If you haven't heard, DC will be publishing a comic book set in the universe of the '60s TV show, written by Jeff Parker with art by Jonathan Case (who does awesome likenesses of all the actors from the series, as you can see below).
- Watch: Video of writer Jeff Parker discussing Batman 66 at WonderCon
- Comic Book Resources: "Batman '66" Is What The Industry Needs
- Parkerspace: Batman on Route 66
- Newsarama: Jeff Parker Plays it (Mostly) Straight with BATMAN '66
IDW Publishing, on the other hand, just announced a new ongoing Godzilla comic book series called Godzilla: Rulers of Earth, designed to accommodate their ever-growing roster of Toho movie monster licenses. It follows the previous Godzilla ongoing series and the miniseries Godzilla Legends, Kingdom of Monsters, Gangsters and Goliaths, and Half-Century War.

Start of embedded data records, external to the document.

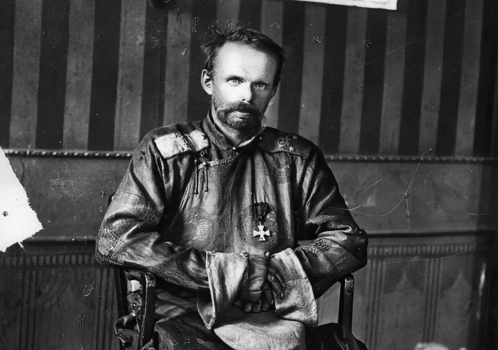 Революция застаёт Унгерна на службе в Маньчжурии. Он участвует в белом движении и формирует «Азиатскую дивизию», отдавая предпочтение инородцам-кочевникам, бурятам и монголам. (Вспомним, что буряты и якуты отлично воюют и на СВО). Когда белые терпят поражение от красных, барон вместе со своей дивизией уходит в Монголию.
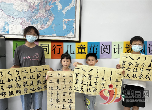 中国基层网郑州讯(图/文 杨洋 朱艳辉)书法是中华民族特有的艺术形式,也是中国传统文化的重要组成部分。为了能够培养儿童青少年的兴趣、爱好、特长并增加孩子们的课外知识,扩大求知,给爱好书法的儿童青少年一个良好的学习环境,提升社区儿童青少年的文化素养。8月6日在二七区侯寨街道办事处、台郭社区居委会支持下,德惠社工邀请书法大师李广仁老师于二七区台郭社区党群服务中心活动室开展"墨韵书香、快乐成长”书法兴趣课堂。
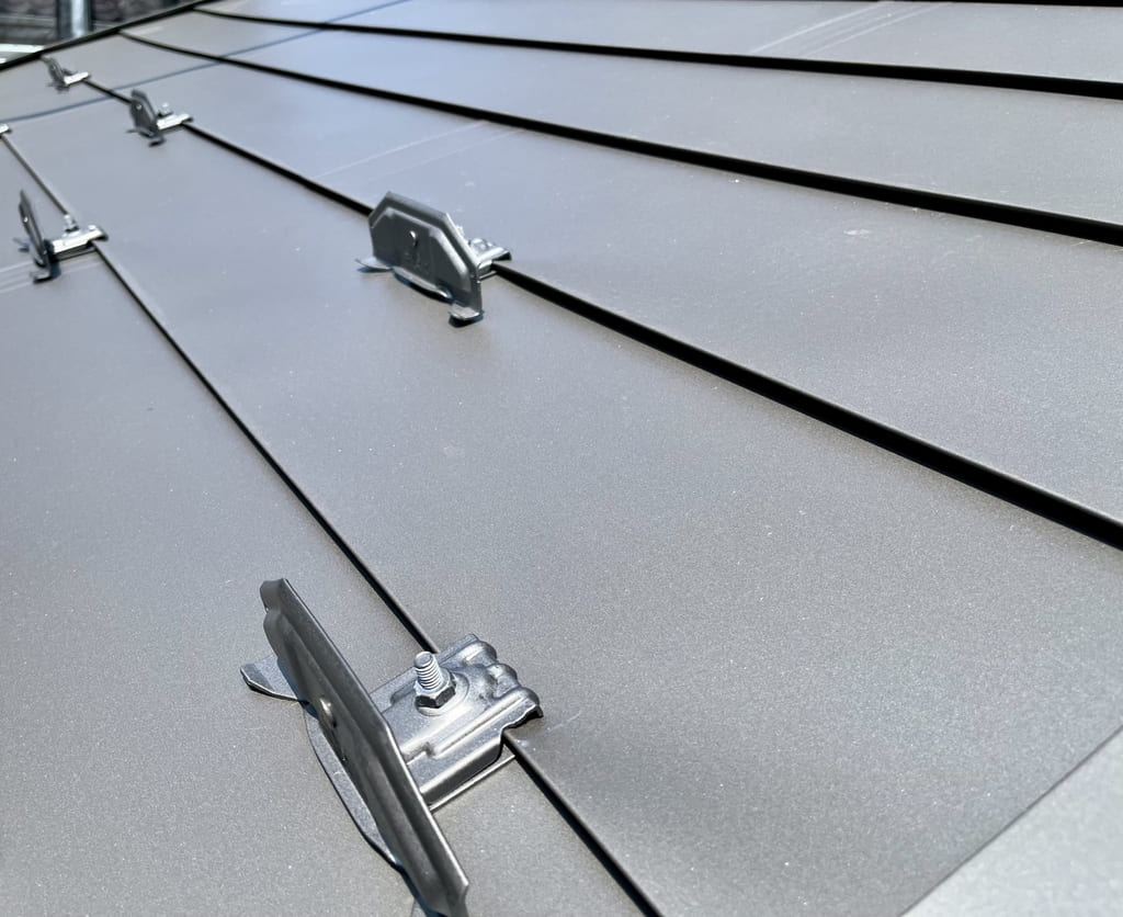 例えば、スレート屋根では、スレートの重なり部分に差し込むタイプの金具を使用しますが、金属屋根では、屋根材の凸部を挟み込むタイプを使用します。
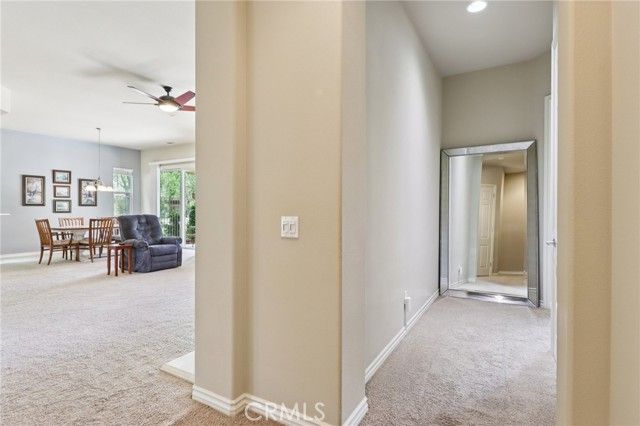 Perfectly positioned within the highly desirable 55+ Solera Diamond Valley community, this exceptional single-story home offers one of the best locations available. Tucked away on a quiet cul-de-sac, bordering a park, and just a short stroll to the community clubhouse, the setting is hard to beat. Step inside and you're immediately greeted by a thoughtfully designed layout and quality finishes throughout. This popular “San Carlos†floor plan is known for its bright, open-concept design and includes two bedrooms, two bathrooms, plus a versatile office/den. Soaring 10-foot ceilings and 8-foot raised-panel doors add to the home's spacious feel. The kitchen is designed for both everyday living and entertaining, featuring a center island, breakfast nook, upgraded appliances, and a gas cooktop. It flows seamlessly into the inviting living room, where a fireplace creates the perfect ambiance for cooler evenings. The primary suite offers a comfortable retreat with a generously sized walk-in closet, while the laundry room is equipped with added cabinetry and a deep utility sink for functionality. Outside, enjoy a beautifully finished concrete patio-ideal for relaxing or hosting-along with an extended two-car garage providing additional space. Residents of this vibrant community enjoy

While Kingdom of Monsters and the 2 regular Godzilla series share the same continuity, the other mini-series all take place in their own universes with their own unique histories of monster attacks, so obviously IDW is not opposed to variety and risk-taking in their story lines.
Furthermore, DC and IDW already have a history of crossovers and collaborations. Star Trek/Legion of Superheroes was released in 2011, The Rocketeer/Spirit: Pulp Friction crossover begins in July 2013, and it's been announced that IDW will be reprinting classic DC comic strips.
Clearly the time is ripe for DC and IDW to publish a BATMAN vs. GODZILLA comic book! And not just any sort of comic, but a tabloid-sized Treasury Edition, like all the greatest crossover bouts from my childhood, like Superman vs. Muhammad Ali, Superman vs. the Amazing Spider-Man, and Batman vs. the Incredible Hulk! Might as well go all the way, right?
Come on DC and IDW, you need to make this happen. It's not just the RIGHT thing to do, it's the AWESOME thing. Don't make me start a petition or something. Just take my money!